The Germans count the cost of Crete

The German parachute troop losses during the invasion of Crete were high.

The Germans ultimately prevailed on Crete but at great cost. Estimates of the exact losses vary greatly – there were around 4,000 German graves on Crete. But British naval commanders believed they had accounted for thousands more when they sunk troop transports bringing men across by sea at the height of the battle. Only a few hundred bodies were washed up. Churchill estimated total losses at around 15,000, some put it even higher.

Hitler lost all enthusiasm for large scale parachute operations after the battle, in the future parachute troops would be used as elite infantry. Possible future operations against Malta and Cyprus were discarded.

Baron von der Heydte considered it a pyrrhic victory. He had fought with the 3rd Parachute Regiment at Crete. He was to recall his meeting with General Kurt Student, the German parachute commander, on 28th May 1941:

General Student visited us almost immediately after the fall of Canea. Had fourteen days really elapsed since I had last seen him issuing orders in Athens?
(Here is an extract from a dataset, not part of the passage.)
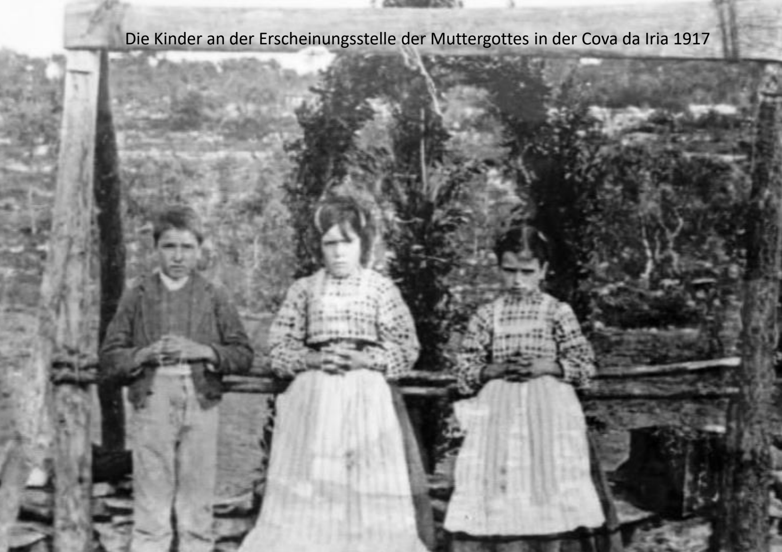
Die Kinder an der Erscheinungsstelle der Muttergottes in der Cova da Iria 1917

He had visibly altered. He seemed much graver, more reserved, and older. There was no evidence in his features that he was joyful over the victory — his victory — and proud at the success of his daring scheme. The cost of victory had evidently proved too much for him. Some of the battalions had lost all their officers, and in several companies there were only a few men left alive.

. . . The battle for Crete was to prove the overture to the great tragedy which reached its climax at El Alamein and Stalingrad. For the first time there had stood against us a brave and relentless opponent on a battleground which favoured him.

On this occasion things had gone well with us, but it seemed almost a miracle that our great and hazardous enterprise had succeeded. How it did, I cannot say to this day. Success had suddenly come to us at a moment when, as so often happens in war, we had ceased to believe in the possibility of success.

My interview with General Student was brief and to the point. In answer to his questions I concisely reported our experiences in the attack and told him of our losses. When I had finished he grasped me firmly by the hand and held it for a long time. “I thank you,” was all he said; but the grasp of his hand and those three short words were quite sufficient for me.